Modern storage devices often have high speed caches that hide latency when reading or writing data. However, to guarantee durability, CedarDB wants to write data to storage such that the data survives a sudden power-loss event. On most consumer hardware, forcing durability for each write is not efficient, and CedarDB employs optimizations like group commit and write batching to ensure high throughput for your queries.

Background

Write caching as implemented in most SSDs can be problematic for durability of written data. For example, it might happen that you insert some new data and commit, but before your SSD has finished writing everything to disk, the system looses power. When data is cached in volatile memory, this can result in data loss. However, this dangerous time span relatively short, usually in the range of a few milliseconds, depending on your hardware.

One solution for this durability problem is to simply wait until storage has actually written the data with fsync, before acknowledging the commit. However, this leads to high idle and wait times for small writes. CedarDB processes a transaction that writes a couple of KB in a couple of microseconds, but NAND flash in SSDs needs about a millisecond (about 100x as long) to durably write the data. This leads to long wait times for disk syncs and low utilization of the database.

For high-load scenarios, where dozens of clients write data, CedarDB batches all data into a single write, which amortizes the durability overhead. Nevertheless, the latency for these operations is still relatively high, but this increases the throughput with many independent insert streams.

An alternative are enterprise SSDs, which feature durable write caches, often marketed as “power-loss-protection”. These SSDs usually feature a small battery or capacitor which flushes the storage’s write cache in the event of a power-loss. These devices are best suited for low write latency, but are only found on server hardware. When possible, we recommend such devices for optimal performance and durability.

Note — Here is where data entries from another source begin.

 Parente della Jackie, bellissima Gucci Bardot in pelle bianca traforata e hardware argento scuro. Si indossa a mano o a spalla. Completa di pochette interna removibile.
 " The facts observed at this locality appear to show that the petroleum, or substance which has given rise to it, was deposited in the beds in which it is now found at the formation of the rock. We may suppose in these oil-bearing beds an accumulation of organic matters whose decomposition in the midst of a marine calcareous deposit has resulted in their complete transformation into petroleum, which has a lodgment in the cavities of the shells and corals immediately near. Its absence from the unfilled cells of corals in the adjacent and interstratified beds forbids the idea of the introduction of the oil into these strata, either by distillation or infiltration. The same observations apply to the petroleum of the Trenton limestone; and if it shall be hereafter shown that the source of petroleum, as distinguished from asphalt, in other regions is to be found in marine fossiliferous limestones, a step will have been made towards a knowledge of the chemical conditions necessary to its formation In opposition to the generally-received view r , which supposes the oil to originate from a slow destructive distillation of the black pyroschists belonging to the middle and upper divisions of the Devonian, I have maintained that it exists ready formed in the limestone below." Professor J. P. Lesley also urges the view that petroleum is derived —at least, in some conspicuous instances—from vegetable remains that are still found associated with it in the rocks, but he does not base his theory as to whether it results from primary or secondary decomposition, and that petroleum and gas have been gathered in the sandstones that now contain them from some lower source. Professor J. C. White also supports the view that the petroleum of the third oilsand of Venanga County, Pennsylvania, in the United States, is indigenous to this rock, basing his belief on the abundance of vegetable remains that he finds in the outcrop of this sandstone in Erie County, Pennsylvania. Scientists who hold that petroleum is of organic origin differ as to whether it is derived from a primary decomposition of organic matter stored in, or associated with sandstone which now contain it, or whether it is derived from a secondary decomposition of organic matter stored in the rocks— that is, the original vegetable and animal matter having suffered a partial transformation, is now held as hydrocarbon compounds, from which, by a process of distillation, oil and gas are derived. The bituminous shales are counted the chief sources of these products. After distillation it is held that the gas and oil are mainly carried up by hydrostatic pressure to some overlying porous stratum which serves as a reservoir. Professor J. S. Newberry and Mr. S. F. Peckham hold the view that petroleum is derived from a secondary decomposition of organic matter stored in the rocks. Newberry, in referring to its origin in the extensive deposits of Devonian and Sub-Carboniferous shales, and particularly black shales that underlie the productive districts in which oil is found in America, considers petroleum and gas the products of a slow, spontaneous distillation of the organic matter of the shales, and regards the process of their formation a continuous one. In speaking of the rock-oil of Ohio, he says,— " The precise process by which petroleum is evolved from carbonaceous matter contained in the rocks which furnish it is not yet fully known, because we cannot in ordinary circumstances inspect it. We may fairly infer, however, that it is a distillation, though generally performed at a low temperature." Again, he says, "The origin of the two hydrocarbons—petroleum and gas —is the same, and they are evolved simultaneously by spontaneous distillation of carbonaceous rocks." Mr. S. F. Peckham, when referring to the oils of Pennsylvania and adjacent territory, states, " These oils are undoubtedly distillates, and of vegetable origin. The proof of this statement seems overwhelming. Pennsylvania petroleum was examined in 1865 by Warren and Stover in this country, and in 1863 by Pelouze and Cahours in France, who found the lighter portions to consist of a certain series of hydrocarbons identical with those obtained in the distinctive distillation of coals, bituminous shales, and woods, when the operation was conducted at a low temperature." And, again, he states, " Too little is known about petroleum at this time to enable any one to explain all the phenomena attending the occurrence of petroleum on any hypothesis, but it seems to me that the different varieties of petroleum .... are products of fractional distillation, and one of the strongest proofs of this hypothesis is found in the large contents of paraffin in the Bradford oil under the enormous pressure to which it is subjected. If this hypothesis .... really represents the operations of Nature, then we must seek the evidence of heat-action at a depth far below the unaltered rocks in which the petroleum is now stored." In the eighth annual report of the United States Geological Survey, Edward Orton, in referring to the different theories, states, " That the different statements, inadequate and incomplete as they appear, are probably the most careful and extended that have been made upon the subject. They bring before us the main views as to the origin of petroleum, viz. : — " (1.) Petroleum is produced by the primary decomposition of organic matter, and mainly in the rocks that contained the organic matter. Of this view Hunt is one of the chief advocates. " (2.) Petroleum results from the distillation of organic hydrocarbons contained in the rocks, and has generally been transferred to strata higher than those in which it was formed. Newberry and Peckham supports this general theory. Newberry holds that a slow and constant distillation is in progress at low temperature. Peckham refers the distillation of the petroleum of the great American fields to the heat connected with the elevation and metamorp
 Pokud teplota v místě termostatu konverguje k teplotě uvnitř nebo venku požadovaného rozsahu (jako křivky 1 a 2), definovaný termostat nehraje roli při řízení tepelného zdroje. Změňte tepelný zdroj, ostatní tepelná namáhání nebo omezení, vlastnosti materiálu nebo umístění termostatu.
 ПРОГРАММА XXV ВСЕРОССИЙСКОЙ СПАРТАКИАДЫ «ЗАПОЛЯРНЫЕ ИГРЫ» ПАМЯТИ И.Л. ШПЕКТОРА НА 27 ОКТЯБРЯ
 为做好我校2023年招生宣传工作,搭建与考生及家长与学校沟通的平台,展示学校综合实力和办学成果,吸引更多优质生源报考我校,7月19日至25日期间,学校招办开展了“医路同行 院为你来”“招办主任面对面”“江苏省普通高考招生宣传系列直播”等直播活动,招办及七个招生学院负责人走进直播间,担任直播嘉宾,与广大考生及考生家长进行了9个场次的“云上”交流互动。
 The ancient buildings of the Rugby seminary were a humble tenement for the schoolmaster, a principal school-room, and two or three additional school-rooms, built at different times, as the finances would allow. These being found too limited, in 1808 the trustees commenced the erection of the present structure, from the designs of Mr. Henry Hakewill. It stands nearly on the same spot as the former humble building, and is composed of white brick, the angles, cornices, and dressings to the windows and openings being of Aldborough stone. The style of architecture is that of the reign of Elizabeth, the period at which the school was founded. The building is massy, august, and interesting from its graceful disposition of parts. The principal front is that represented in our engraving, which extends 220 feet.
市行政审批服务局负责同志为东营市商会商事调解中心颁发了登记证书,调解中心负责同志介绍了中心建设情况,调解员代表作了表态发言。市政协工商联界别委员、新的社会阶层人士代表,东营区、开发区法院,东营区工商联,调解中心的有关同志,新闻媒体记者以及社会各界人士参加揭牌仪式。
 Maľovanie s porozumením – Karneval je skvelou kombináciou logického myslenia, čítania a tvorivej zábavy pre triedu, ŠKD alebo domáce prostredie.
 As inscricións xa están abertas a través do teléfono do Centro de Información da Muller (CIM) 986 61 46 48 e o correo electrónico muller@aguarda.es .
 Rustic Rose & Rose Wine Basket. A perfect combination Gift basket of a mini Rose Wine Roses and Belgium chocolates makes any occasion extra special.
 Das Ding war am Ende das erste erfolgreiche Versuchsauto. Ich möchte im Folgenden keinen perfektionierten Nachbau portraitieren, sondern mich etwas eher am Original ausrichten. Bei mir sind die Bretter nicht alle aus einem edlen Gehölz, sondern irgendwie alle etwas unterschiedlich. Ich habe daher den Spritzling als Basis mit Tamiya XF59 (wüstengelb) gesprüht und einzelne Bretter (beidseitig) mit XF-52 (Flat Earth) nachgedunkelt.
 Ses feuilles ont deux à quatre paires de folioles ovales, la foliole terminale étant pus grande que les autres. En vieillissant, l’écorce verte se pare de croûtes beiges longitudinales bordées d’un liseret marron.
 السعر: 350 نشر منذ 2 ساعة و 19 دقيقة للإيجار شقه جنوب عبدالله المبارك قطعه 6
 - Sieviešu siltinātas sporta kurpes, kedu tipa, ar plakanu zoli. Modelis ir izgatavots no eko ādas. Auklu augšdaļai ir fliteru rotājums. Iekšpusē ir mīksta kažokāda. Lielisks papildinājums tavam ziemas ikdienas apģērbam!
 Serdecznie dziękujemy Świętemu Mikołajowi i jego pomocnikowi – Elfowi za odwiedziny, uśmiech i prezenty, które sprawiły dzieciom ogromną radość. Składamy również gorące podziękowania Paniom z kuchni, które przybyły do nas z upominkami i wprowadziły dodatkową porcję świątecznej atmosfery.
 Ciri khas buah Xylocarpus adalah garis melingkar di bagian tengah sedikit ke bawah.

You can check if your storage uses write back caching via the Linux block sysfs:

cat /sys/block/nvme0n1/queue/write_cache
write through

Here, nvme0n1 is the NVMe SSD used for the database. If your device writes are directly durable, the output will be “write through”. Otherwise, the output will be “write back”, indicating that data might not directly be durable after writing.

You can also verify if your NVMe SSD uses a volatile cache using the nvme-cli tool:

sudo nvme id-ctrl /dev/nvme0n1 -H | grep 'Write Cache'
  [0:0] : 0	Volatile Write Cache Not Present

CedarDB Durability Guarantees

By default, CedarDB detects if your storage has a volatile write buffer, or if it runs on hardware where writes are directly durable. On enterprise hardware, where we have hardware support, we guarantee strong durability after each commit. On commodity hardware, we default to asynchronous commits, which only guarantees delayed durability. Written data on consumer hardware is still durable after a few milliseconds, however, we do not wait for the hardware acknowledge the durability to avoid the high query latency.

⚠️
If your application can not tolerate any data loss in case of a power failure, we recommend using enterprise SSDs.

To get durable writes on commodity hardware, you can force synchronous commits in your current connection with:

set async_commit = off;